[Opening SUPPLIED RECORDS section]

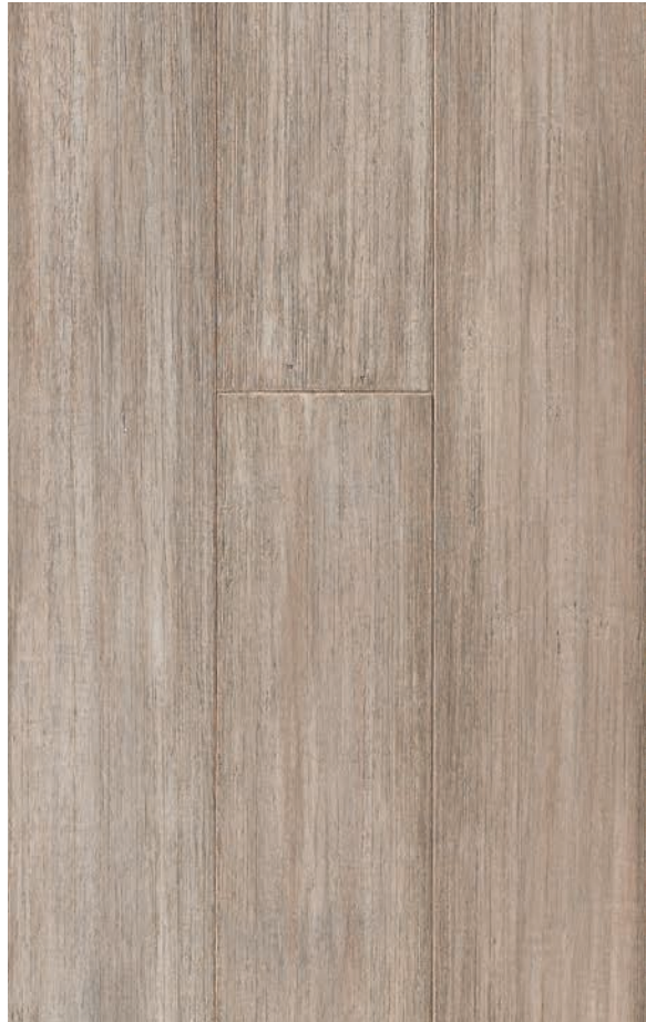
7104 KILIMANJARO BAMBOO
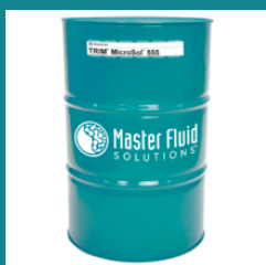
54-gallon drum SKU: MS555-54G UPC-12: 641238004233
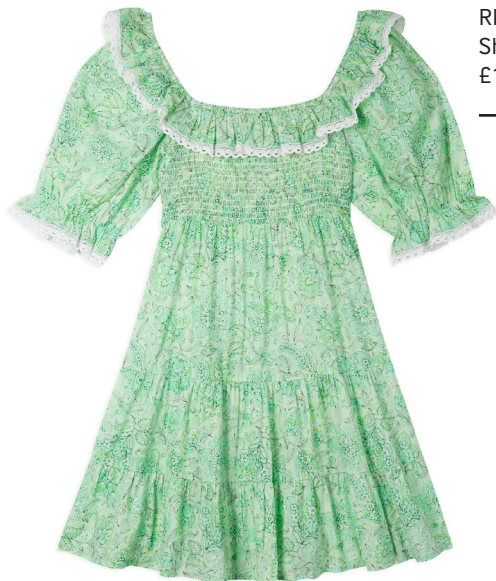
RIXO Short Tiered Nightdress £165
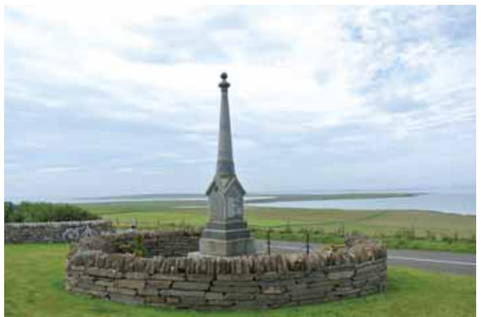
Stronsay war memorial, above, in Orkney, Scotland is located on the roadside of Ward Hill ( WMO/147860 ). It received a grant of £715 towards repair and conservation in 2015. The works included gentle cleaning, repairs to the lettering and hard landscaping.

If you can help with any of these cases, go to www.warmemorialsonline.org.uk/search and enter the 'WMO/' number in the Keyword search. You can upload your photos directly to the War Memorials Online record and add a condition update there too. You can choose from four condition levels – Good, Fair, Poor or Very bad. WMT will then be notified of your update via email so we can acknowledge it and take any appropriate action. It is always great to hear that war memorials are in Good condition and are being well looked after. Our statistics show that the vast majority are. But our priority is to find those that need help so the Conservation Team can work with the custodians to address these.

[Closing SUPPLIED RECORDS section]

- YOUR GOAL
When you reach the line with "RIXO Short Tiered Nightdress £165" in the records above, start writing out each line exactly, and stop after the line with "Stronsay war memorial, above, in". Pictures stay out.

- OUTPUT OF THE TASK
RIXO Short Tiered Nightdress £165
Stronsay war memorial, above, in Orkney, Scotland is located on the roadside of Ward Hill ( WMO/147860 ). It received a grant of £715 towards repair and conservation in 2015. The works included gentle cleaning, repairs to the lettering and hard landscaping.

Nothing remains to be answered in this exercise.